Process large datasets in batches without loading everything into memory. Use batched methods to stream data from inputs to outputs:

from application_sdk.outputs import JsonOutput
from application_sdk.inputs import ParquetInput

# Initialize input and output
parquet_input = ParquetInput(
path="s3://bucket/large-dataset/",
chunk_size=50000
)

json_output = JsonOutput(
output_path="/tmp/output",
output_suffix="data"
)

# Process batches from input to output
async for batch_df in parquet_input.get_batched_dataframe():
await json_output.write_batched_dataframe(batch_df)

# Get final statistics
stats = await json_output.get_statistics(typename="table")
print(f"Wrote {stats.total_record_count} records in {stats.chunk_count} chunks")

Batched methods handle both AsyncGenerator and Generator types, skip empty DataFrames automatically, and process each batch through the appropriate write method.

Writing to object stores

All outputs automatically upload to object stores when files are written. Configure the output path and prefix to specify object store destinations:

from application_sdk.outputs import ParquetOutput

# Files are automatically uploaded to object store
parquet_output = ParquetOutput(
output_path="/tmp/output", # Local staging path
output_suffix="s3://bucket/prefix" # Object store destination
)

await parquet_output.write_dataframe(df)
# File is written locally, then uploaded to S3

The output class writes files locally first, then uploads them to the specified object store when size limits are reached or when the write operation completes. Set retain_local_copy=True to keep local files after upload.

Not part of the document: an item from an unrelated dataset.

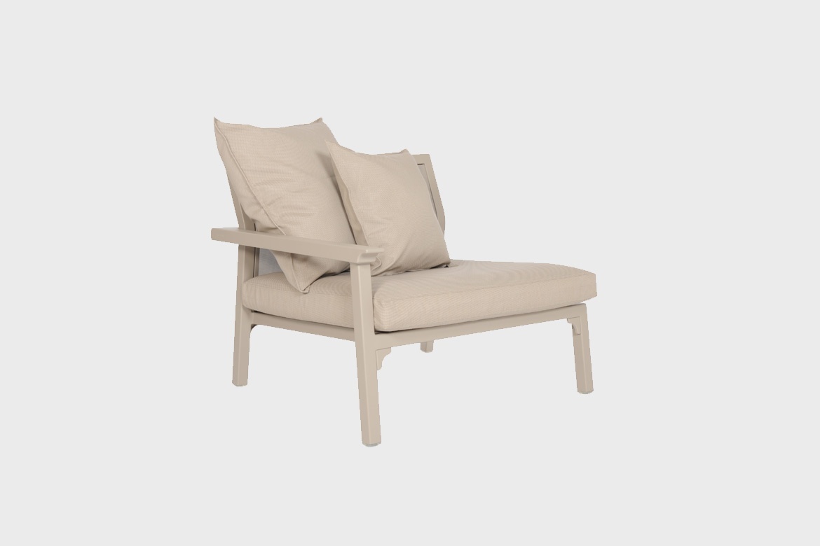 Classique modular sofas design makes possible for different configurations depending on spatial needs. The system design, with an U-clip that links the modules between them safely and simply, is easy to install and remove. Classique’s modules are ultralight, rearranging them is effortless and fast. Classique is made with a full aluminium frame and finished with Maiori’s signature powder coating texture matt paint, a combination of materials that ensure lightness, robustness and durability.
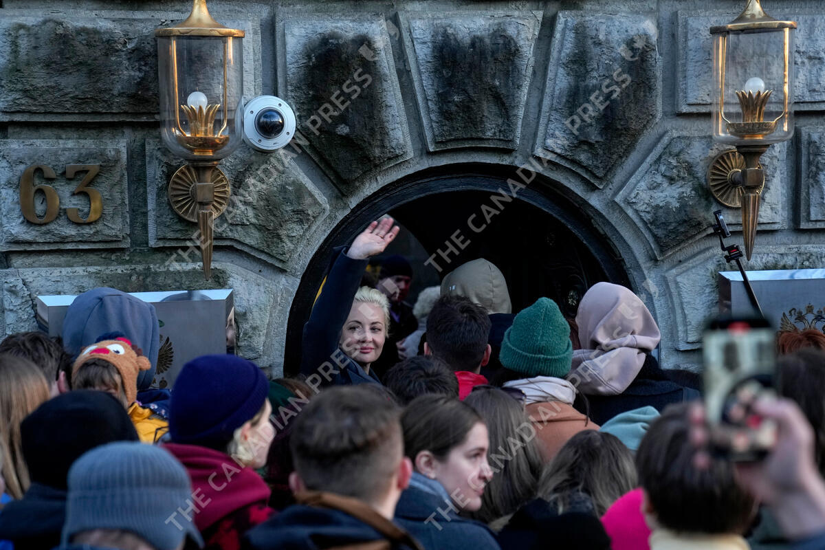 Yulia Navalnaya, centre, widow of Alexey Navalny, waves as she enters the Russian Embassy with other voters at a polling station in the Russian embassy in Berlin, after noon local time, on Sunday, March 17, 2024. The Russian opposition has called on people to head to polling stations at noon on Sunday in protest as voting takes place on the last day of a presidential election that is all but certain to extend President Vladimir Putin's rule after he clamped down on dissent. AP can't confirm that all the voters seen at the polling station at noon were taking part in the opposition protest. (AP Photo/Ebrahim Noroozi)

Convert between dataframe types

Output classes support both pandas and daft DataFrames. Use write_dataframe() for pandas DataFrames and write_daft_dataframe() for daft DataFrames:

from application_sdk.outputs import ParquetOutput
import pandas as pd
import daft

# Write pandas DataFrame
pandas_df = pd.DataFrame({"col1": [1, 2, 3], "col2": ["a", "b", "c"]})
parquet_output = ParquetOutput(
output_path="/tmp/output",
output_suffix="pandas_data"
)
await parquet_output.write_dataframe(pandas_df)

# Write daft DataFrame
daft_df = daft.from_pandas(pandas_df)
parquet_output_daft = ParquetOutput(
output_path="/tmp/output",
output_suffix="daft_data"
)
await parquet_output_daft.write_daft_dataframe(daft_df)

When using write_dataframe() with a pandas DataFrame, the output class internally handles the conversion. For daft DataFrames, use write_daft_dataframe() directly for better performance and access to daft-specific features like Hive partitioning.

Output-specific patterns

Different output types provide specialized features. Use tabs below to explore patterns specific to each output type:

Using Hive partitioning

ParquetOutput supports Hive-style partitioning for efficient data organization. Partitioning organizes data into directory structures based on column values, improving query performance and data management:

from application_sdk.outputs import ParquetOutput, WriteMode
import daft

parquet_output = ParquetOutput(
output_path="/tmp/output",
output_suffix="partitioned_data"
)

# Write with partitioning by year and month
await parquet_output.write_daft_dataframe(
daft_df,
partition_cols=["year", "month"],
write_mode=WriteMode.OVERWRITE
)

# Creates directory structure:
# /tmp/output/partitioned_data/year=2024/month=01/file1.parquet
# /tmp/output/partitioned_data/year=2024/month=02/file2.parquet

Hive partitioning creates a directory structure where each partition column becomes a directory level. This enables efficient partition pruning during queries, where only relevant partitions are read instead of scanning entire datasets.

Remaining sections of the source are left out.